The European Roadmap towards fusion electricity envisages the realization of the first reactor to feed electricity into the grid.The Joint European Torus (JET), the world's largest nuclear fusion experiment, achieved a new record of energy produced during the last and final experimental campaign, demonstrating the ability to reliably generate fusion energy.The main European laboratories coordinated by EUROfusion contributed to the success of the experiments. Italy is a partner with ENEA, the National Research Council, the RFX Consortium and some universities.In the USA, last year the National Ignition Facility in Livermore, California, demonstrated with 192 lasers that it can repeatedly achieve reactions that produce more energy than they consume.The result is a milestone on the long road to clean energy production and virtually inexhaustible.
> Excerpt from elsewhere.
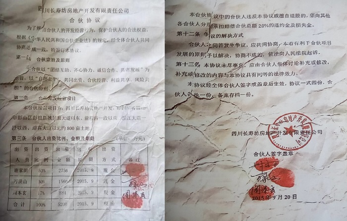 重庆开州区知名企业家疑遭套路骗,致公司破产 独立撰稿人 李海波 谢家田是重庆市开州区知名企业家,创办有重庆旭日建设工程( 集团) 有限公司、 重庆尊诚房地产开发公司、 重庆市开县创品小额贷款有限公司、 重庆尊诚能源投资(集团) 有限公司;是开县人大代表;曾先后获得了“首届开县民营企业家”、“企业文化先进个人”、“开县返乡 创业贡献奖”、“重庆优秀建筑企业经理”、“重庆市知名企业家” 称号。 近日谢家田向撰稿人讲述2015年受开州老乡的蒙骗收购四川长寿坊房产项目而陷入困境,公司破产了,自己也被列入失信人...... 高利贷者 入主四川长寿坊房产后拉谢入伙 2014年1月27日,四川飞洋置业有限公司,法人代表周先均,(以下简称飞洋公司)与四川省彭山县政府签订《华润万家彭山商业综合体及体育公园配套项目投资框架协议》,双方就该项目的位置、规模、土地达成框架协议。2014年8月20日,飞洋公司与重庆君宏信用担保有限公司达成《协议书》,由君宏公司出资3000万元收购彭山项目,2014年9月10日,飞洋公司与彭山县政府订立《中国长寿坊商旅综合开发项目投资协议书》,由飞洋公司出资在彭山县彭祖新城规划区内打造高档商住旅游特色街区。2014年11月27日,飞洋公司拍得PP2014-6号地块,面积107.65亩,土地出让金1.4555亿元,与彭山国土局签订《国有建设用地使用权出让合同》,飞洋公司交纳土地出让金及服务费2850万元。 1988年出生的开州人万永志是重庆君宏投资担保公司的法人,和铁桥镇国土所所长谭成毅从事高利贷业务2015年4月10日,他们和周本玄、周先均、罗仕川5人出资1080万在眉山市彭山区注册成立四川长寿坊房地产开发有限责任公司(以下简称长寿坊公司)法人代表万永志,父亲万录山(区畜牧局干部,长期吃空饷)担任董事长、总经理罗仕川,周本玄儿子周宇航担任出纳。而5人无开发房产经验,和谢家田熟悉的周本玄于2015年8月开始多次联系上开州区知名房产企业家谢家田,希望其合作开发该项目,他们负责筹钱,谢家田只负责开发。 周本玄等5人采取虚假宣传彭山区项目的规划,如容积率、周边配套如公益设施等,还私刻公章、伪造公文出示宣传。还向谢家田介绍宣传项目地块下面是砂石,价值2千多万元,可在挖建时利用产生巨大经济收益。 其实5人早在2015年5月6日将此收益以合同形式发包给四川瑞柯建筑有限公司,并向其支付15元/立方的土石方价款。不但无收益还反倒支付巨资,这真是说不通的做法。 5人将1080万元的长寿坊公司做账成5200万元,在4月10日注册时就已经形成,因为万永志购买项目时向周本玄借款1400万元无力偿便在当天以债转股形式给周本玄“到约定归还时间无钱,找周本玄协商,将其用于购买这款土地未溢价的5200万元按百分比计算转让股权作为支付下欠周本玄款项的抵债。当时周本玄考虑到有几百万元资金要及时归还给别人,就承担受让万永志21%的股权x5200万=1092万元的股本金,除去受让股权折股金后,还下欠308万元资金,由万永志向周本玄出具不等时间的借条。”而原会计杨兆沛移交的账册显示,4月10日后该项目产生的费用近2千万元。 2015年9月20日,周本玄、万录山、谢家田签订长寿坊公司合伙协议,显示长寿坊开发眉山市彭山区彭祖新城约800亩土地,约定谢家田投资2756万元占股53%,万录山投资2756万元占股30%,周本玄投资884万元占股17%,当日周宇航给其出具一张收据“今收到谢家田股本金2756万元”,该收据盖有公司公章和财务章。 2016年春节,万录山、周本玄又指示长寿坊原工作人员吴本高悄悄将公司虚假公文等重要资料取走。3个月后,吴本高又病逝。至今,这些重要资料下落不明。 签订的合伙协议,谢家田占53%股份在10月12日的公司章程中却只有33%股份 群狼齐上 写下多张借条后身不由己 谢家田加入长寿坊签订合伙协议后,一系列事情冒出来了,股权一下猛增为131%。先是四川飞洋公司周先均出面拿出协议,说长寿坊欠他3千万元和占有10%股份和公司10%利润。奇怪的是,长寿坊公司花费了这么多钱,但主要的土地出让金却没有缴纳,万永志仅支付了飞洋公司300万元保证金。 于是在2016年1月15日,飞洋公司与长寿坊公司谢家田订立《协议书》,由长寿坊公司支付飞洋公司3000万元,谢家田支付周先均10%干股,长寿坊公司10%利润为周先均顾问费。 频繁的股权变更 而后谭成毅也说有720万元占股13%,但原始账册显示其只有597.6万元,其提供给法院的银行流水多少转给周本玄,属于二人之间的经济往来。 之后长寿坊会计杨兆沛也出面说占公司股份1%,各原股东认可后谢家田又向杨兆沛出具52万元的借条。 10月12日,长寿坊公司章程修正案,将第8条股东名称等修改为:谢家田出资356.4万元占股33%,万永志出资324万元占股30%,周本玄出资183.6万元占股17%,周先均出资108万元占股10%,罗仕川出资108万元张10%。出资时间为2014年12月23日。 2015年11月10日,长寿坊章程修正案,显示周本玄将持有17%股份转让给谢家田,此股权1092万元谢家田履行完毕。据此谢家田占股50%,万永志占股30%,周先均占股10%,罗仕川占股10%。出资时间为2014年12月23日。 2016年1月13日,谢家田给廖代华出具220万元的借条,显示是万录山股权转让款中减除。 2016年1月15日,长寿坊章程修正案,显示周先均将持有10%股份转让给谢家田。据此谢家田占股60%,万永志占股30%,罗仕川占股10%。出资时间为2024
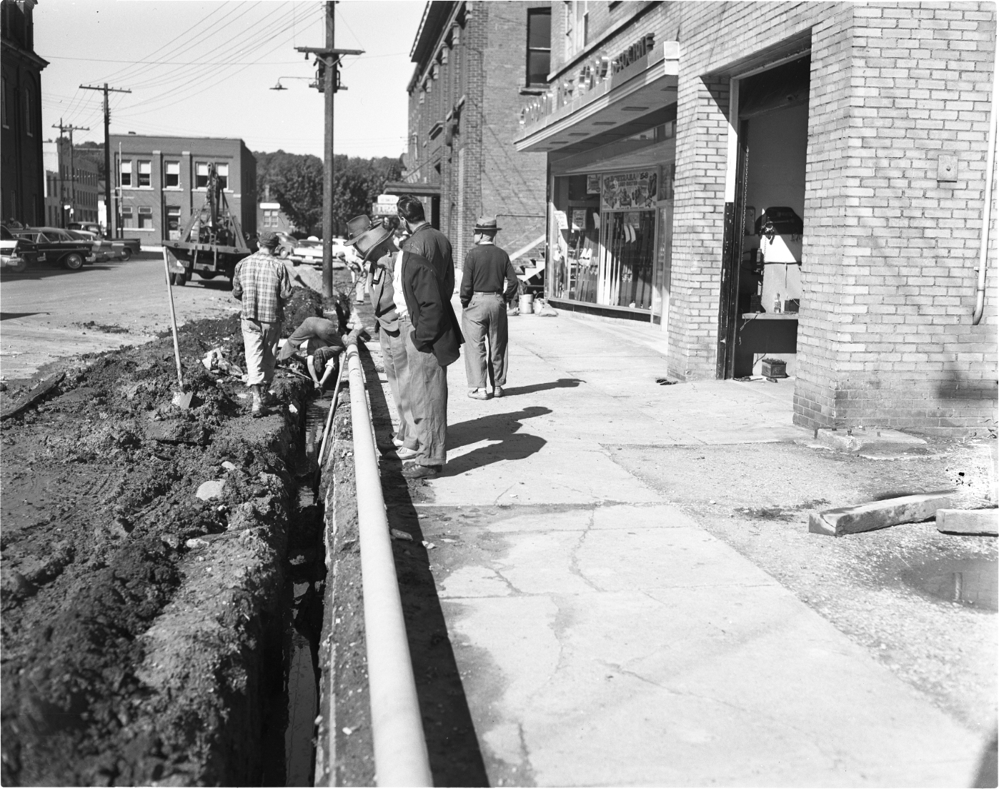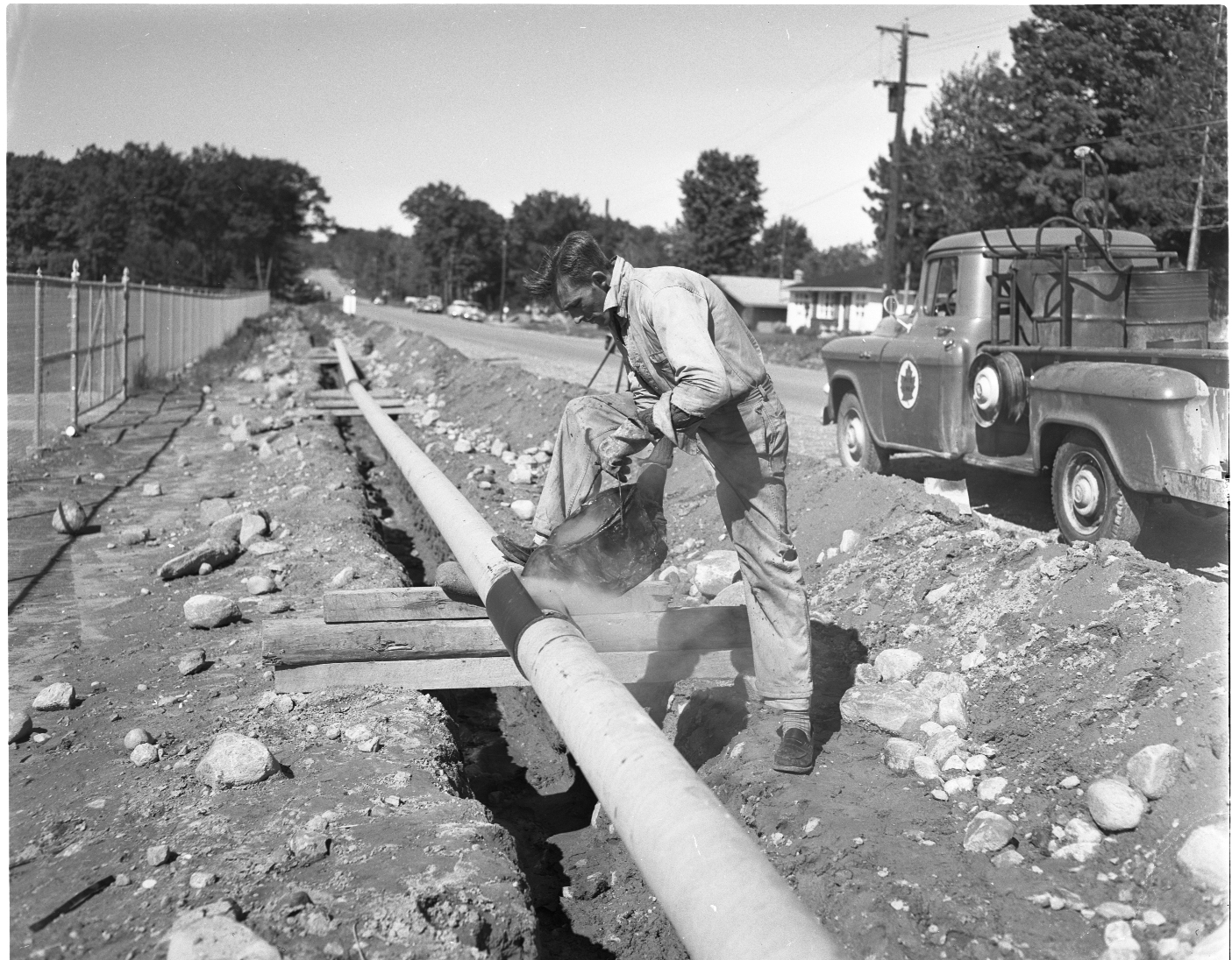 My memory of the gas pipeline installation along our street, Russell Street, was being stuck in the house watching out the window, recovering from an appendectomy. This is Bay Street E. with the Canadian Tire store on the right.

THE (SLOW) PROGRESS OF NUCLEAR FISSION

For nuclear fission, however, we speak of fourth generation, which however only exists on the planners' paper.The most recent reactors are III generation or III generation plus, essentially the same technology as the 1960s but with redundant and multiplied safety systems. The problem is always the waste for which a definitive geological arrangement has not yet been identified – there is not a single definitive geological deposit in the world – nor an industrial recovery method.Currently the waste is stored in ultra-resistant containers - casks - and stored in active power plants.They are also under study newly developed fission reactors, safer and with less waste production.The projects are different, some even quite promising, but they are still in the laboratories and their industrial scalability is still far away.There is also a lot of talk about Small modular nuclear reactors which are nothing more than small nuclear fission reactors, like those that power ships or submarines.